§ Work to complete
The required result is an exact copy of the lines from the one containing "A versatile Black" to the last line of the records, both ends included, without pictures.

START Records for processing

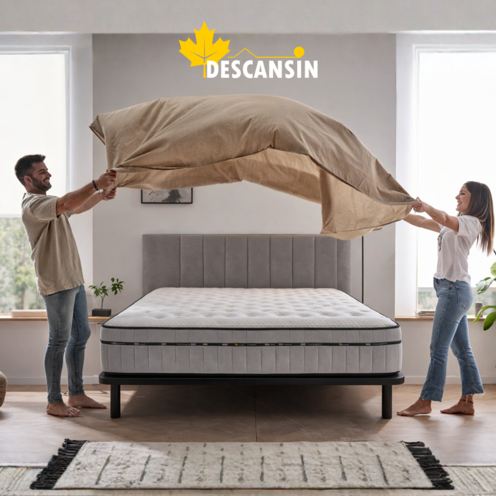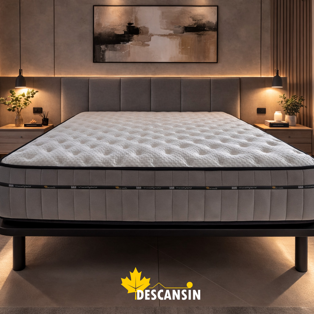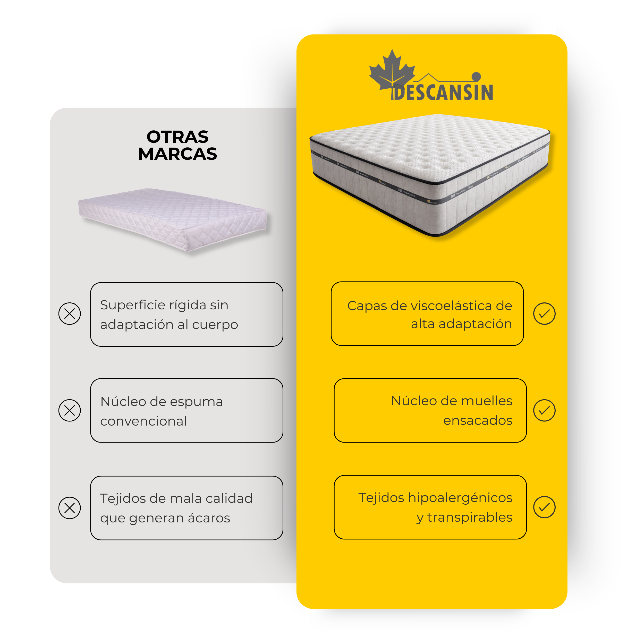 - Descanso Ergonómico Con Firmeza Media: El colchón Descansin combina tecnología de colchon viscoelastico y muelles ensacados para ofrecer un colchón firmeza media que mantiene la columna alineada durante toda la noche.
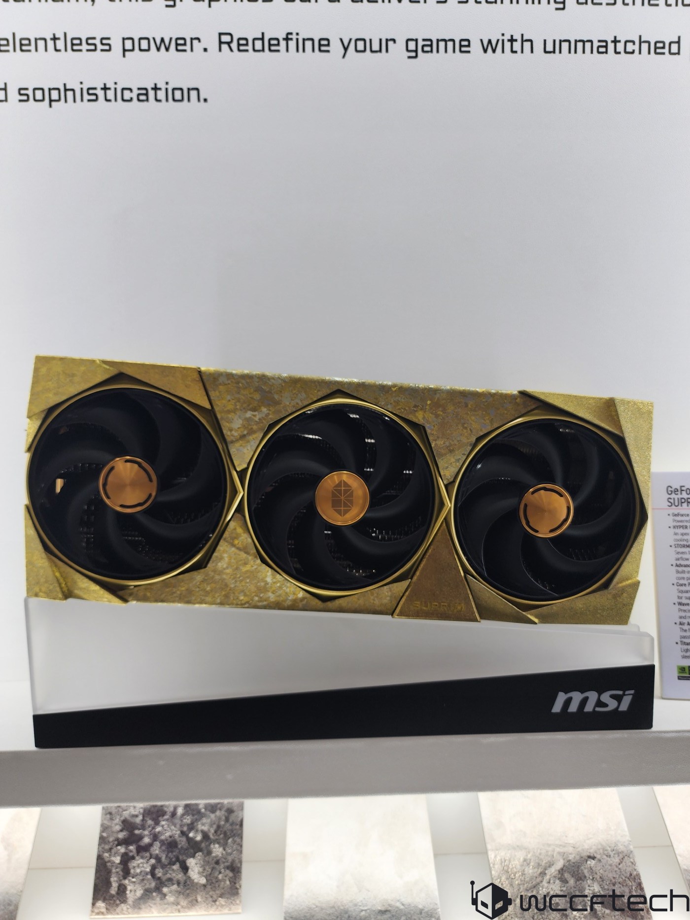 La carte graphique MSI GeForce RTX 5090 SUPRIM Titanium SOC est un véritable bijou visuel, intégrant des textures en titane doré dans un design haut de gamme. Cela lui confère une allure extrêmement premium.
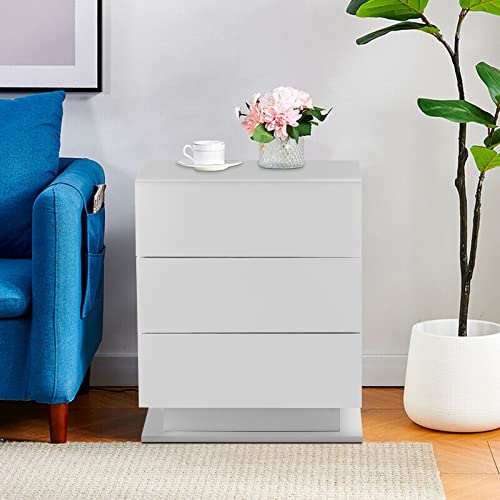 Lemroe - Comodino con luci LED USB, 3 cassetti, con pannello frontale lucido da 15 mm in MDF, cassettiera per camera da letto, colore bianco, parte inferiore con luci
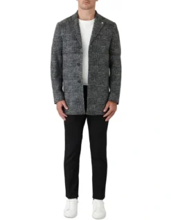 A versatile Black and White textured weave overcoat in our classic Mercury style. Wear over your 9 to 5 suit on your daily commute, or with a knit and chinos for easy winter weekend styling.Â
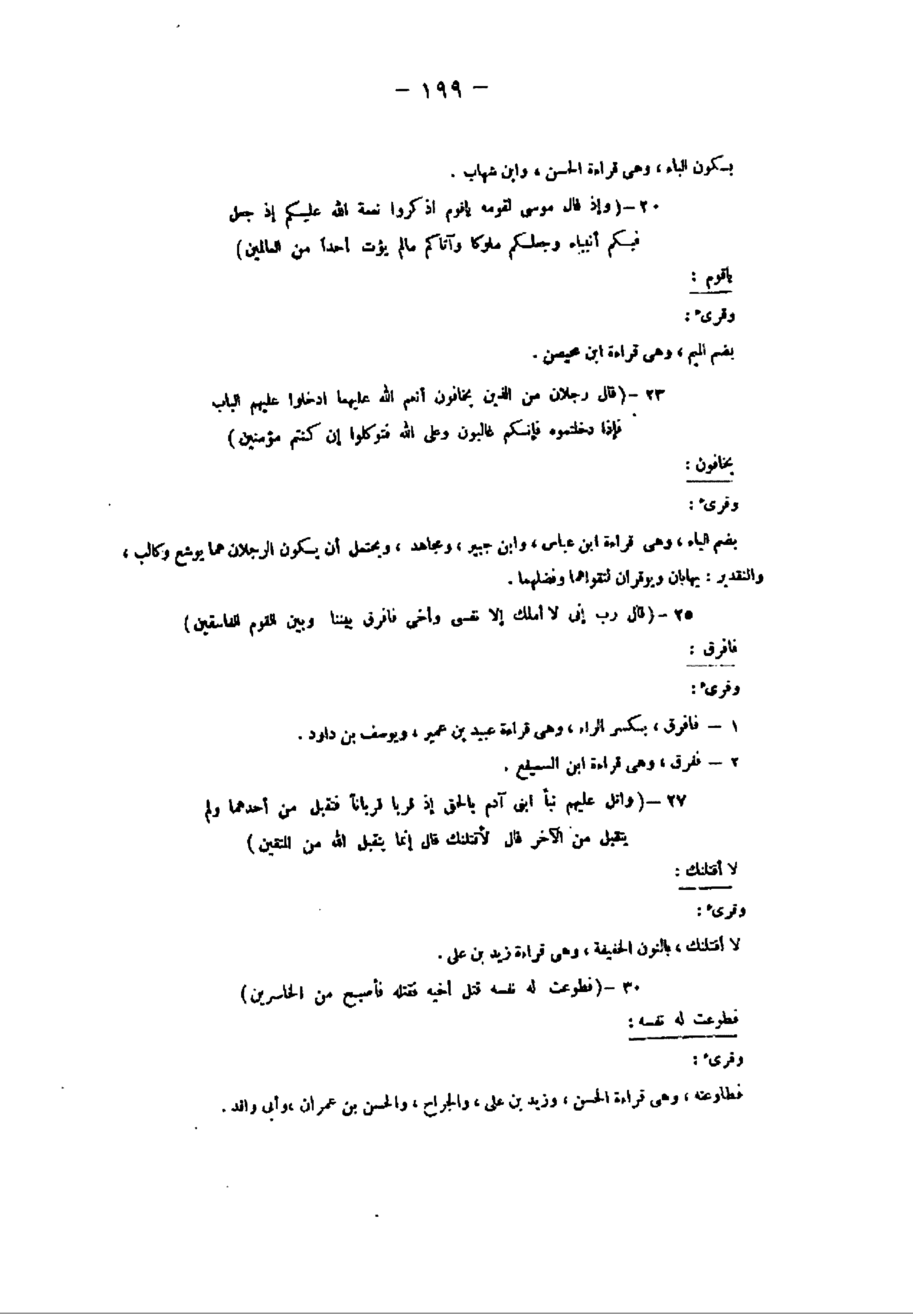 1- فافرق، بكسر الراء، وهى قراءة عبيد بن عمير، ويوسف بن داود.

END Records for processing

§ Your response
 A versatile Black and White textured weave overcoat in our classic Mercury style. Wear over your 9 to 5 suit on your daily commute, or with a knit and chinos for easy winter weekend styling.Â
 1- فافرق، بكسر الراء، وهى قراءة عبيد بن عمير، ويوسف بن داود.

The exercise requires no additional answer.